The next morning, the campaign wasn’t among the top three stories billboarded by the Today show, which included: “What is it about this two-year-old that has more than three million people logging on to YouTube to watch her?”
Nor did the 2012 election make the top three at Good Morning America, which trumpeted this story: “Bikini model busted. The international swimsuit star back behind bars right now.” (CBS This Morning, to its credit, did lead with the primary.)
None of this is coincidental. At the cable news networks, including CNN, the only one to provide continuous primary coverage on Tuesday, the word is out that the presidential campaign is sending the ratings south.
Do I personally think the race is over? No. We still have a long way to go. As the old saying goes, “There be many a slip twixt the cup and lip”. I am a firm believer of, “It ain’t over ’til it’s over”.
However, people are getting bored. Mitt Romney is way out in front. The month of April is coming up with its heavy loaded schedule of pro-Romney contests. His rivals are far back in the pack. April will only make it worse. Meanwhile polls such as yesterday’s Gallup poll showing Romney pushing into the 40′s, and Rasmussen showing Mitt comfortably in the lead in Wisconsin reinforce the meme that Mitt is going to win this thing. It’s just a matter of time. So the public is starting to tune the race out.

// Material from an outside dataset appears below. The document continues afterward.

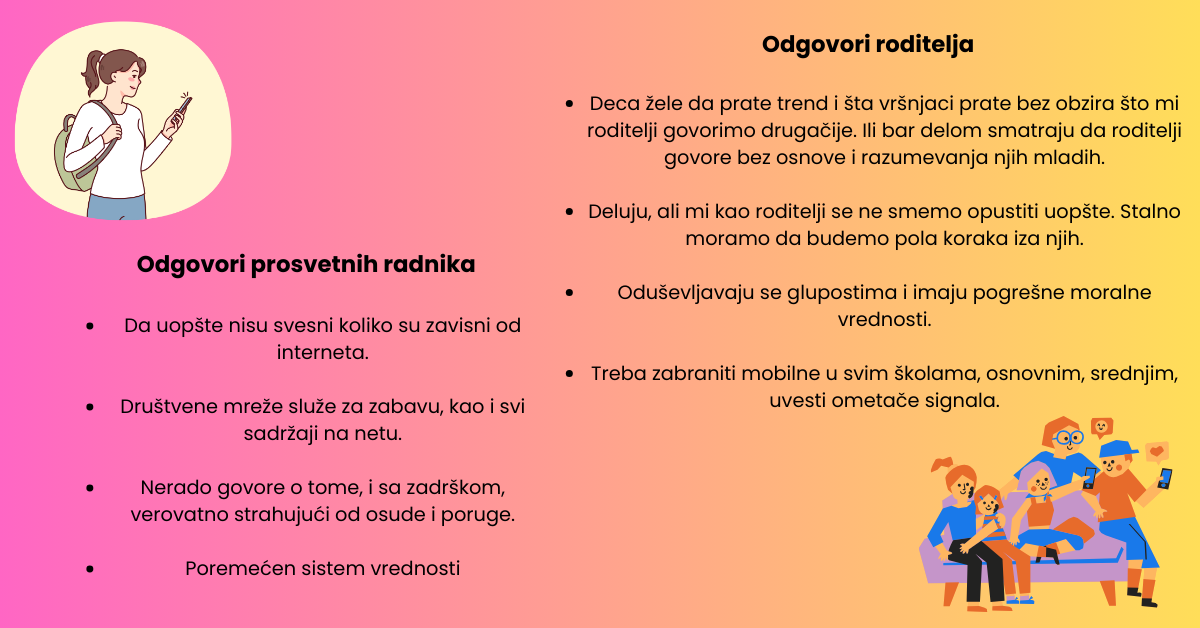 Prosvetni radnici su kroz anketu imali prilike da opišu šta bi, po njihovom mišljenju, bili najveći izazovi u vezi sa društvenim mrežama i obrazovanjem mladih. Ovo su njihovi odgovori:
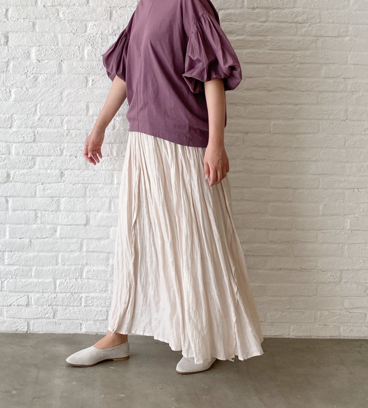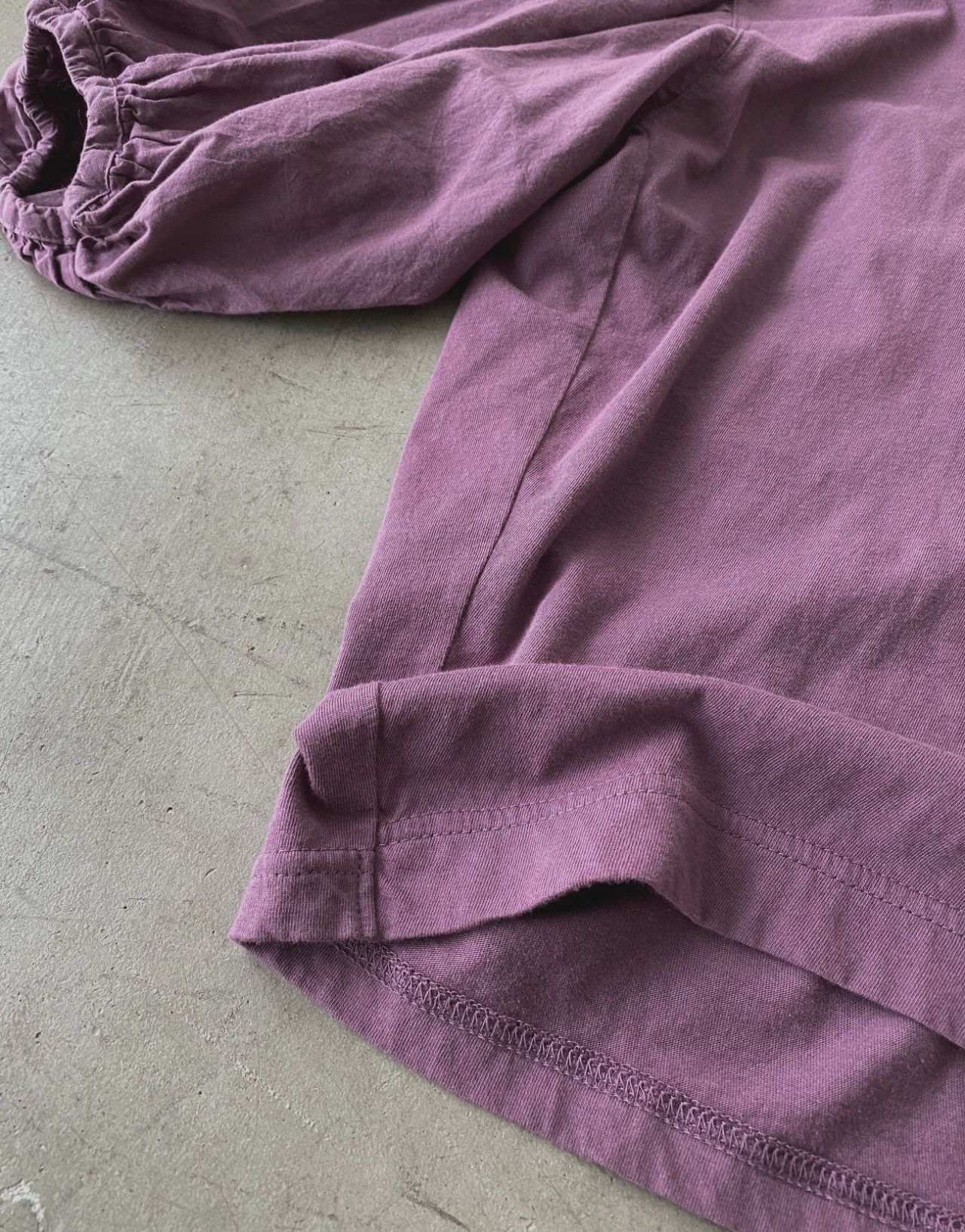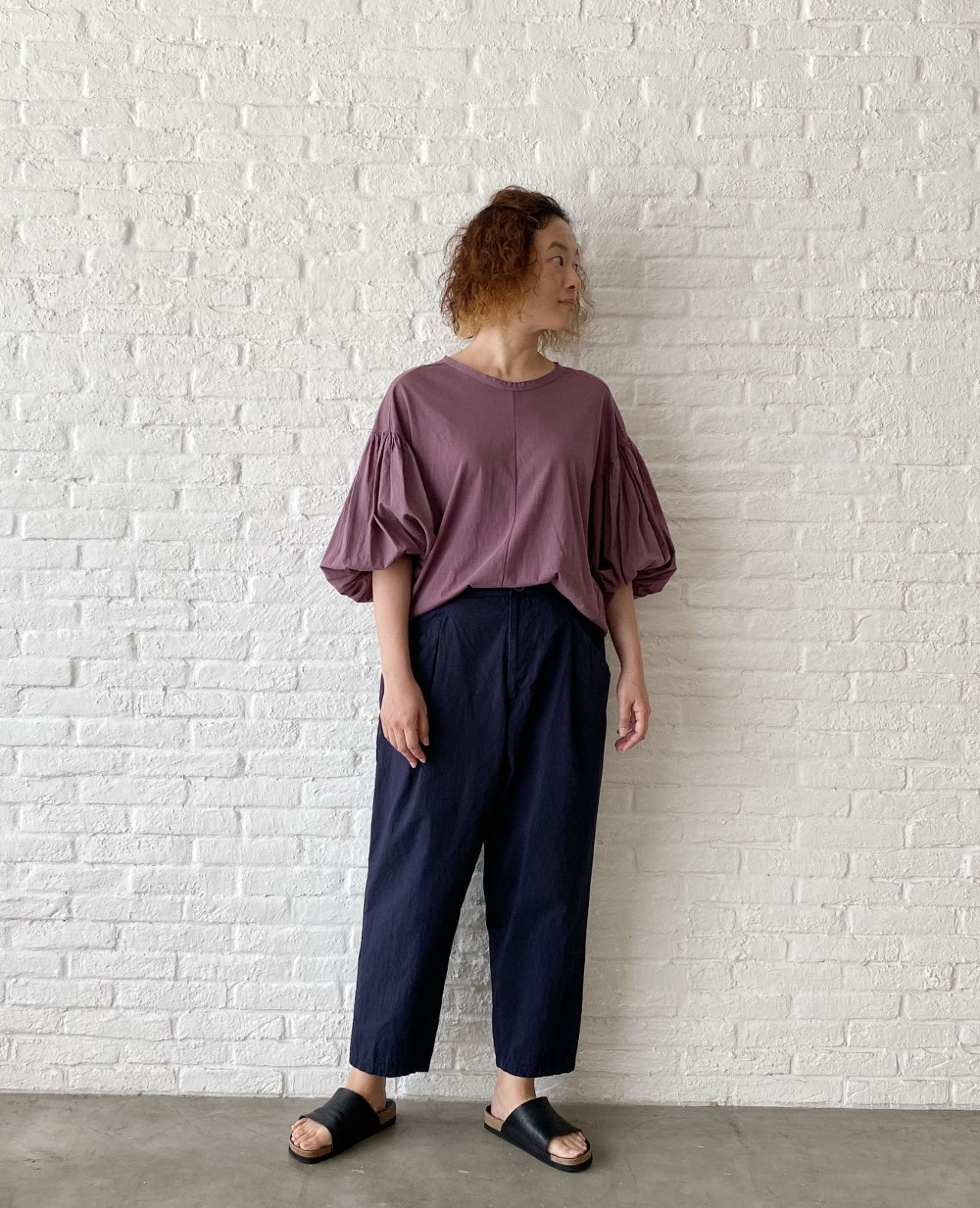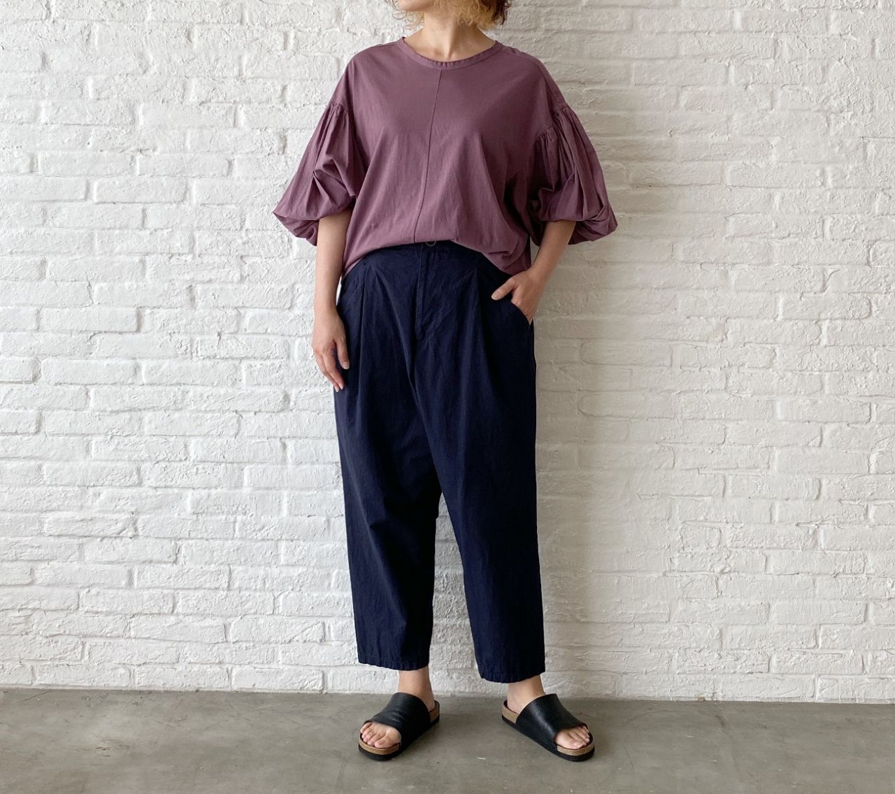 袖口のゴムを肘まで上げて五分袖にすると、よりふんわり感が出るシルエットに。

This, of course, hurts the also-rans the most. If nobody thinks you can win, your fundraising dries up. Sure you will get the diehards who are hoping for a brokered convention, but any realistic thinking you can win the thing is gone. People do not like to throw good money after bad, especially in a down economy. Your campaign then dies for lack of funds. The idea that the leader is inevitable becomes a self-fulfilling prophecy.
The not-Romney’s tried their hardest to make “Etch-a-sketch” a gamechanger. Well, the polls show the public has by-and-large met it with a big yawn. Mitt scored his highest placement ever in the Gallup polls two days after the gaffe. It is apparent that if you want to derail the Romney express at this point, you are going to need something far more earth-shattering than a campaign aide talking about the common election strategy of shifting your campaign’s focus between the primary and the general election.
Perhaps if Romney were to suggest that you might as well vote for Obama if one of his rivals gets the nomination…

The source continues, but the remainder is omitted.